━━━ Data supplied ━━━

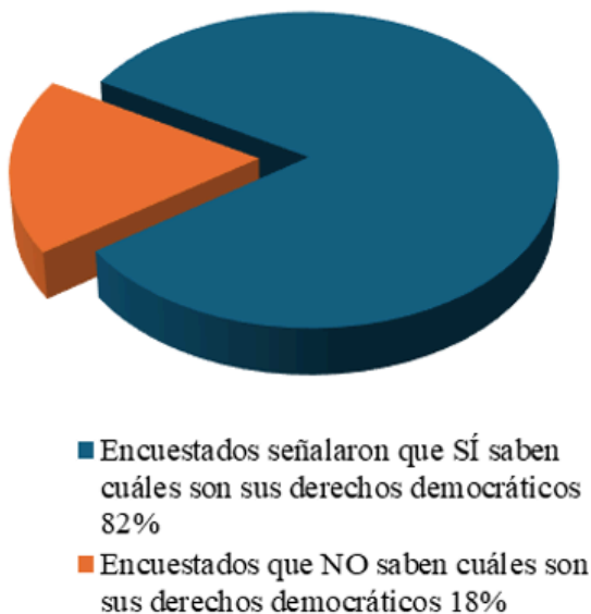
DE LOS 385 ENTREVISTADOS

Gráfica No. 2 que esquematiza cuántos de los entrevistados señalaron que Sí sabían, y cuántos que NO sabían, cuáles eran sus derechos democráticos.
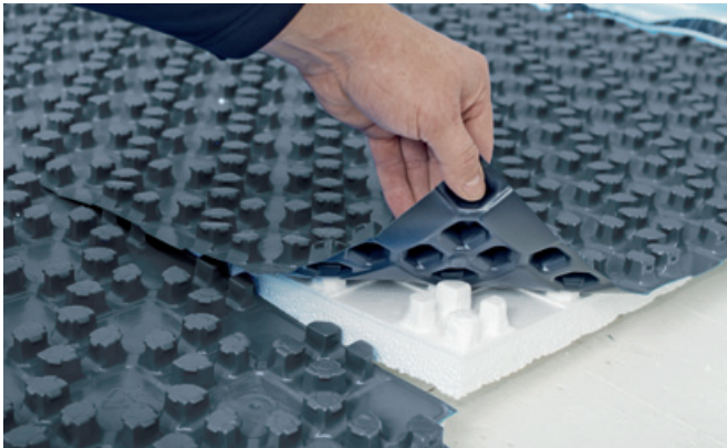
Kombinacija izolacijskega PS sloja in črne sistemske plošče.

Izolacijski sloj pod črno sistemsko ploščo s čepki utrdijo čepke in zanesljivo fiksirajo cevi na mesto.
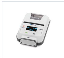
Impresora de etiquetas HM-E200
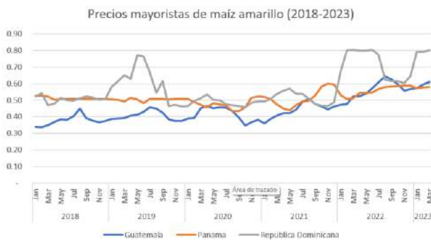
Gráfica 5. Evolución del precio del maíz amarillo (US$/Kg)

Nota: 1/Maíz amarillo. RD, PN en QQ (100 Libras); GT en kilogramos.
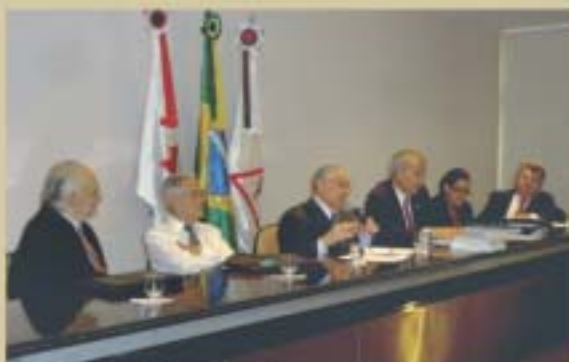
Audiência Pública realizada em janeiro de 2007, que analisou e debateu a versão 01 do anteprojeto de reformulação do Decreto-Lei 9.295/46.
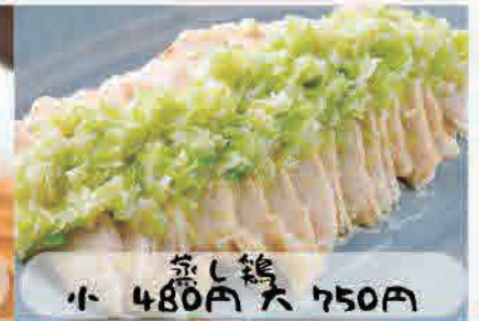
蒸し鶏 小 480円 大 750円
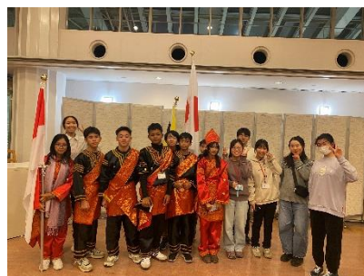
グループ③ インドネシアチーム
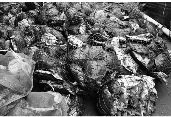
执行现场,甲鱼堆积如山
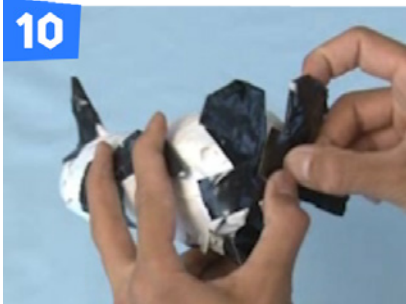
10 胴体の底面にテープ(黒)で足をつけます。
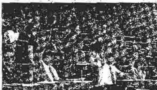
Sa jučerašnje sjednice: Rasprava o prijedlogu zakona

- Mi smo tražili da se uba- vimo raspisati konkursi za rukovo- deće državne službenike. Me-

━━━

Task instructions
Report how many lines in the entries hold the string "amarillo". Nothing but the number is wanted.

Solved problem
2